In the end, however, what both Cromwell and Thatcher demonstrate is that history isn't entirely inevitable. Sometimes parts of it hinge on the presence of the right person at the right time, whether it's a military genius with a lack of personal ambition, or a stubborn grocer's daughter with a belief in individual empowerment. Had Cromwell not been there in the seventeenth century it is likely that the outcome would have been a stronger, more absolute monarchy - much as was the case in contemporary France. Would that ultimately have fallen? Possibly, but it's hard to see what would have triggered it: the French revolution was triggered by the country's financial collapse after taking sides in the American War of Independence. This, in turn, was influenced by the revolutionary thinking which drove the English Civil War. Had the English Civil War not happened, or had it been a triumph for monarchy it's hard to say what course history might have taken. And if Cromwell had been less small c conservative? Would a more radical Britain have produced a stable democracy without a monarch?

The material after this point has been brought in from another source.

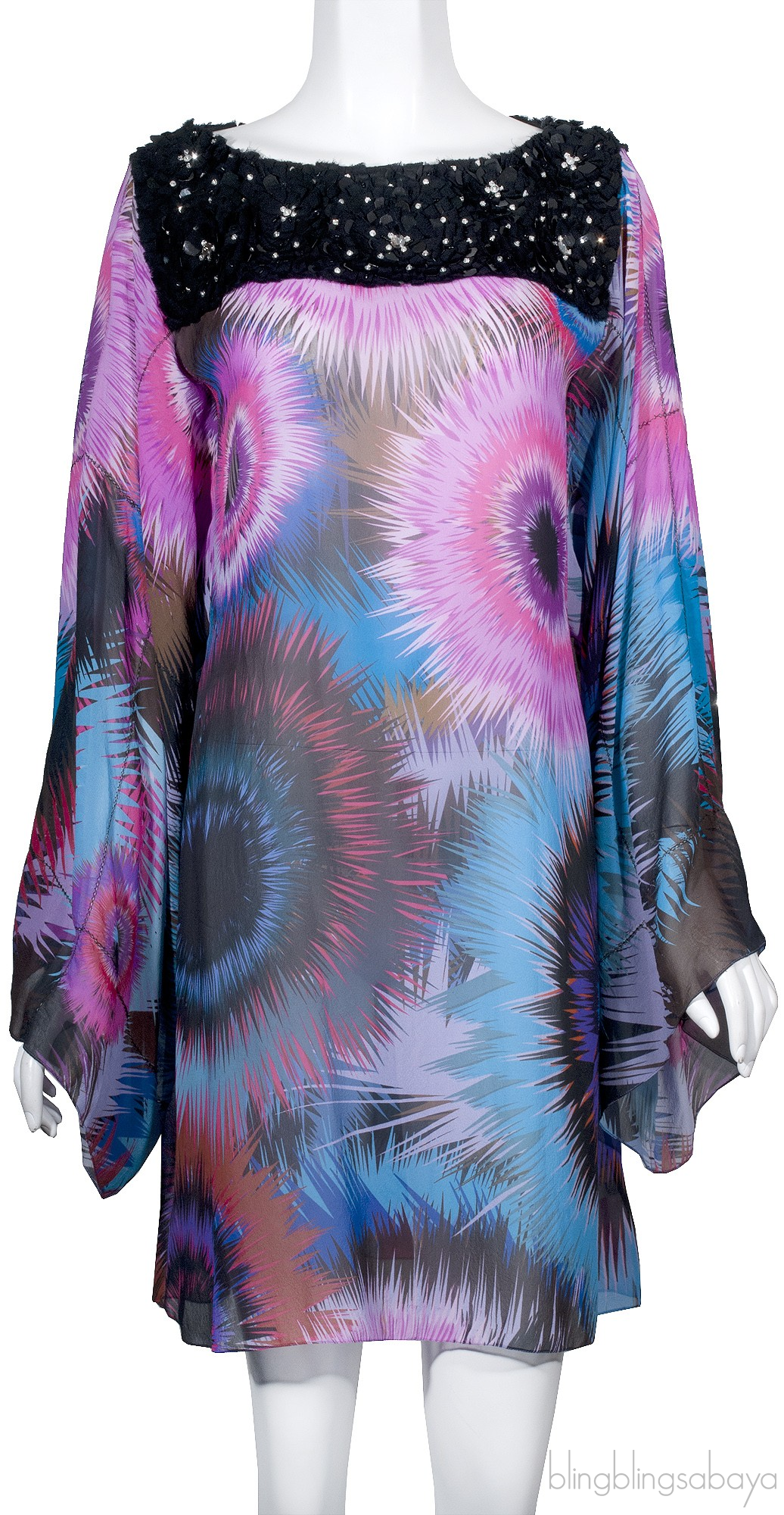 This Embellished Multicolor Dress from Matthew Williamson is made of 100% Silk fabric with multicolor abstract print. This features a silk chiffon dress with black floral embellished with crytal and sequins, bateau neckline and batwing sleeves.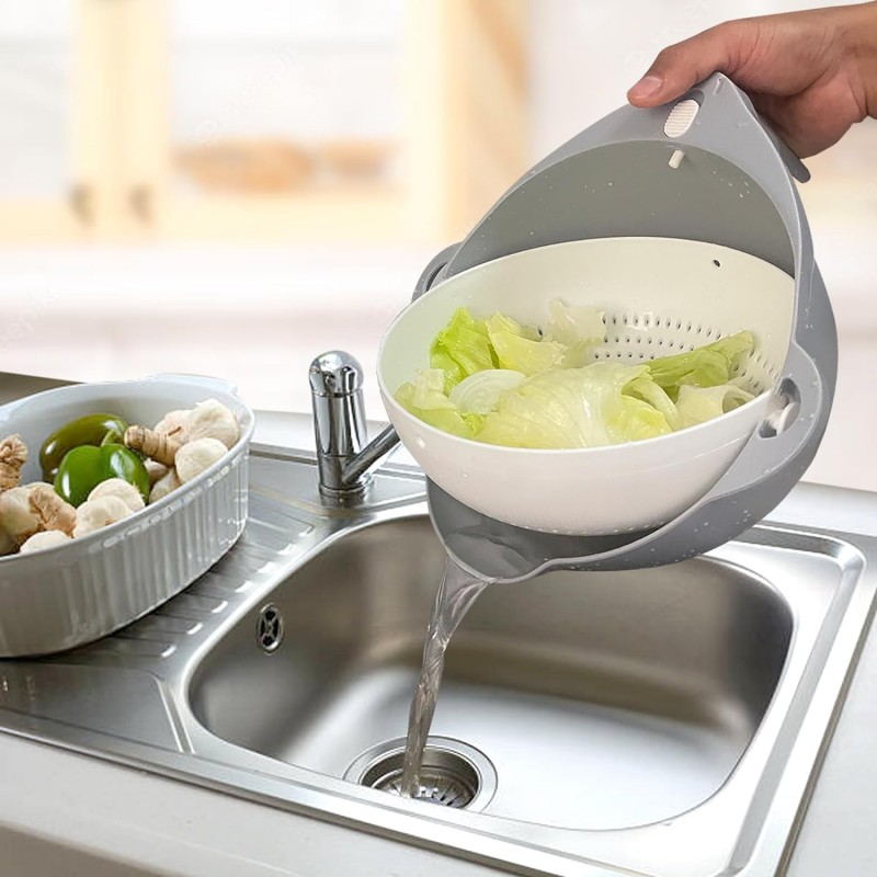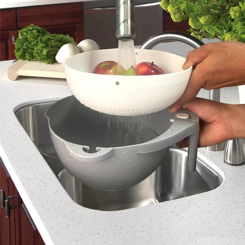 Design 2 em 1: Combina um escorredor e uma cesta, permitindo lavar e escorrer alimentos de forma prática e rápida.

For 1980's Britain, too, we can see that a weaker Prime Minister would have allowed the 1980's to continue much in the vein of the 1970's, with governments continually toppled by unions, the weight of wage demands driving inflation to ever-greater heights and Britain's export trade continuing its collapse. Like Greece, we might have fudged our way into the Euro to paper over the cracks, but like Greece we would have been crippled when the next financial storm hit. Because, deregulation or no deregulation, there would have been some kind of financial storm - there always is. Perhaps a less combative leader might have found another way through, but the unions were determined to finish the government from the day it took office, so this seems unlikely. Her predecessor Callaghan was of the left and the unions didn't do him any favours either.

Sometimes history really does hinge on a single character. They may be a product of their times, with their prejudices forged in the events of their time, but their unique personal characteristics mean they end up making a difference. It is for history - after sufficient time for the prejudices to die down - to judge whether that was the right difference.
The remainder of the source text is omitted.